Only losers or criminals dealt in cash during those heady days of easy credit, display and decadence. It just wasn’t done.

However, over the last few months I’ve noticed that we’re gradually reverting to the 1980s modus operandi.

Recently a variety of tradespeople have (uninvited) provided me with two entirely different quotations. The “much reduced” formal quotation printed out on the last of the headed paper and the “cut to the bone” version, which is casually mentioned in passing.

The black economy has been quietly proliferating like the mushrooming spores of dry rot hidden under floorboards. It was given perfect conditions in which to flourish so there is not much point in feigning horror about it now that we suddenly notice that the floorboards are disintegrating.

With so little cash in circulation at the moment, maybe we should be thankful that there are still some people left who are lucky enough to be sleeping on lumpy-bumpy mattresses and who are prepared to extract the odd bundle or two every now and then and spread it around.

Perhaps we should also be grateful that so many are still managing to find work, as even if it is below the radar, it’s still better than sitting back, doing nothing and relying on state handouts.

Most are saying novenas that they will survive until the banks are forced into lending again but are resigned to the fact that, between one thing and the other (Nama, the Lisbon Treaty and the budget), it is unlikely to happen before next spring at the earliest.

However, those who are less affected by the downturn are bored waiting for some action and have discreetly begun to get on with living, albeit a very different style of living.

Since trading up is still out of the question for many (banks will not even countenance the notion), cash is being spent on sprucing up existing homes.

However, many demand that all building and renovation work be conducted as discreetly as possible.

Covert operations now take place behind high hedges and electric gates. Clients battle builders about obvious signs of activity, such as security hoardings and signs advertising which architect and builder are on site.

Vans with logos are banned from the driveways and telltale yellow skips are only ordered when sufficient rubble and rubbish has accumulated to fill them completely. They are then removed again as quickly as possible.

One painter/decorator told me that he had recently removed all logos and had his van sprayed a discreet Morgan green. “They don’t want everybody on the road knowing what they’re up to,” he said about his clients, “and it’s all interior work now as nobody wants the front of their place looking too smart these days. Mind you, it suited us fine this summer, with all the rain we’ve had.”

The recession police are out and about. Any sign of activity is queried, questioned and remarked upon.
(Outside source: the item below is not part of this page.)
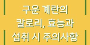 구운 계란은 간편하고 영양이 풍부한 음식으로 많은 이들에게 사랑받고 있습니다. 이번 글에서는 구운 계란의 칼로리, 다양한 효능, 그리고 섭취 시 주의사항에 대해 자세히 살펴보겠습니다. 구운 계란의 칼로리 구운 계란은 조리 …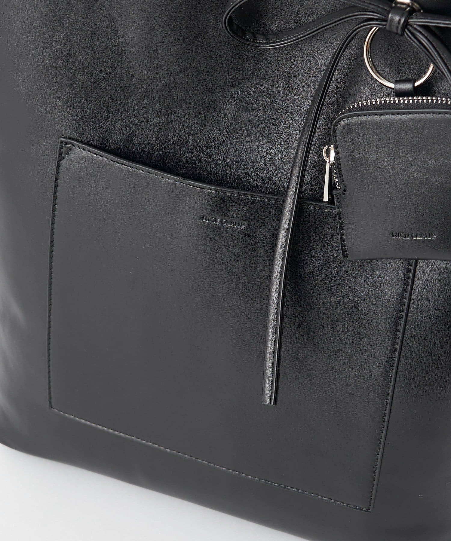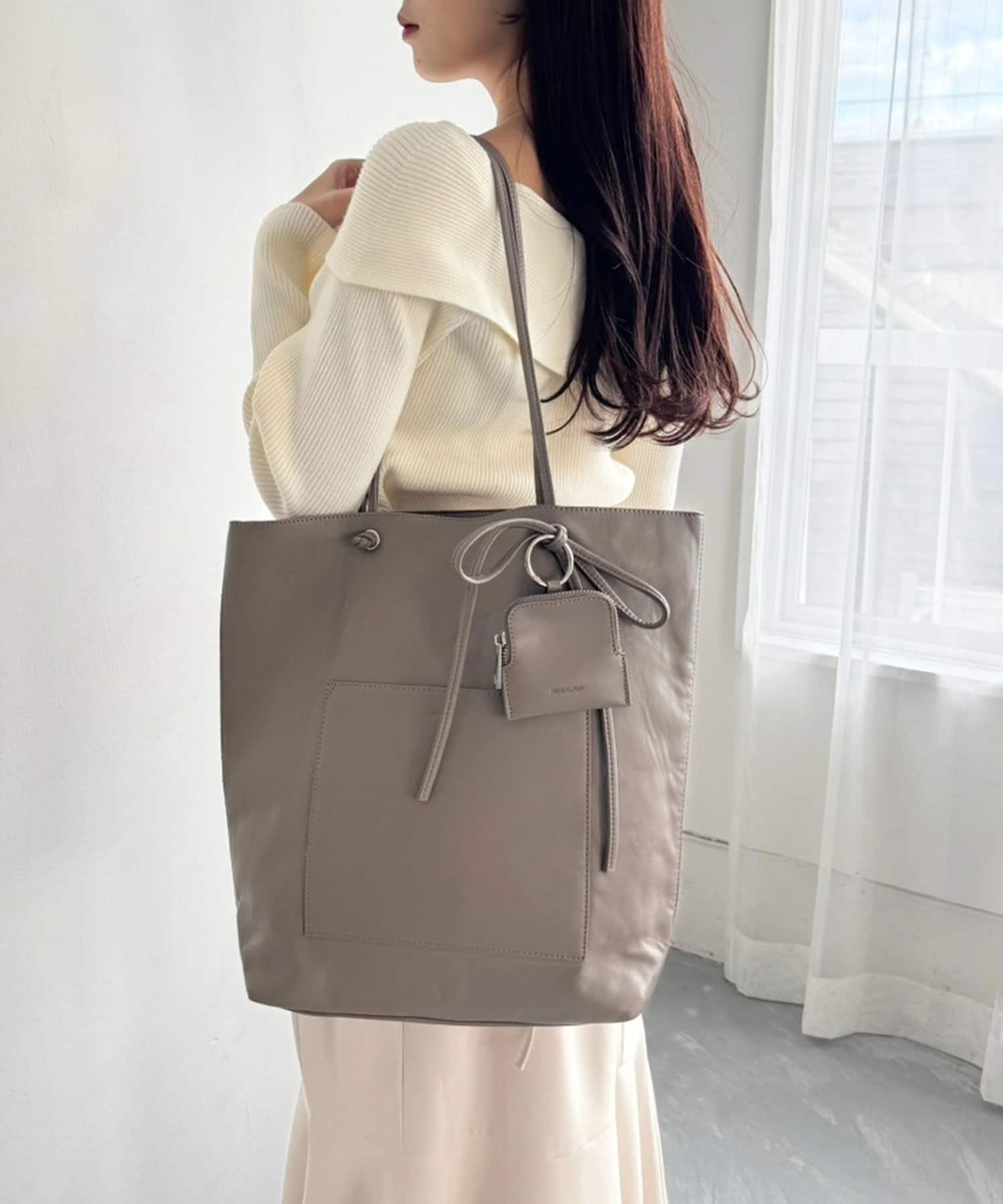 上質感漂うフェイクレザー素材を使用したスクエアトートバッグなので

Although, there is now a certain cachet to having a handyman who was, in his former life, a site foreman for a (now bankrupt) property developer.

Indeed, so many people are wistfully looking back on their former lives these days that no doubt we will soon be referring to events as being BR (before recession) and AN (anno Nama).

However, having missed out on so much of the 1980s first time around, I'm throwing myself into its revival with a vengeance and I'm manically sewing in shoulder pads and savagely backcombing my hair while tunelessly humming Abba's Money, Money, Money.